The Insurance Commissioner, therefore, has clearly been empowered to exercise his discretion in the grant or refusal of license applications. Our scope of review here is limited, therefore, to a determination of whether or not constitutional rights were violated, errors of law were committed, or findings of fact were not supported by substantial evidence. Section 44 of the Administrative Agency Law, Act of June 4, 1945, P.L.

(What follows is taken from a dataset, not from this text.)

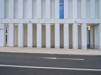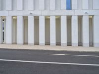 An office building stands tall in the metropolitan area of Lisbon, Portugal, with asphalt driveway and grey facade. The modern architecture features symmetrical window columns, tints and shades, and a wood profile. A composite material of urban design and city life, the parking lot line gives the building a unique look.

[ 27 Pa. Commw. Page 3791388]

, as amended, 71 P.S. § 1710.44. And, where, as here, a statute confers discretion upon an administrative tribunal, its actions are subject to judicial review only to determine whether or not there has been an abuse of discretion or a purely arbitrary exercise of authority. Insurance Department v. Saint Lukes Hospital, 21 Pa. Commonwealth Ct. 10, 342 A.2d 773 (1975). Whether the court may have reached a different opinion or judgment in a particular case is not sufficient to reverse administrative action because judicial discretion may not be substituted for administrative discretion. Insurance Department v. Saint Lukes Hospital, supra. Slanina admitted in agreeing to the entry of the consent order that he had engaged in misrepresentations which constituted violations of the insurance laws of this Commonwealth. The Commissioner, therefore, determined that Slanina was not worthy of a license and we cannot substitute our discretion for that of the Commissioner. Wallace v. Insurance Department, 9 Pa. Commonwealth Ct. 567, 308 A.2d 162 (1973).

We must note that the Commissioner's hearing officer stated at the hearing that the only question involved was whether or not Slanina had sufficiently "rehabilitated" himself to become a licensed insurance agent and ruled that he had not. The evidence in the record as to Slanina's character and "rehabilitation" is as follows: (1) a statement by Mass. Mutual that, following an investigation, Slanina was endorsed by the company as being trained and prepared to sell insurance, of good business reputation and worthy of a license; (2) "a letter from an agent he was formerly associated with attesting to his good character";*fn3 and (3) Slanina's testimony that he was

[ 27 Pa. Commw. Page 380]

    now aware that his prior actions had been contrary to law, that he would not, if given the chance, violate the law again, and that he had never been convicted of any crimes in the Commonwealth. While we are uncertain as to what other evidence of "rehabilitation" the Commissioner may have expected, and we might ourselves have thought this sufficient, we believe that the denial of Slanina's license application, which application was made less than two weeks after the consent order and refused because that order had been entered, did not constitute an abuse of discretion. We, therefore, affirm the adjudication.


And Now, this 6th day of December, 1976, the adjudication of the Insurance Commissioner, dated February 17, 1976, is hereby affirmed and the appeal of Steven J. Slanina is dismissed.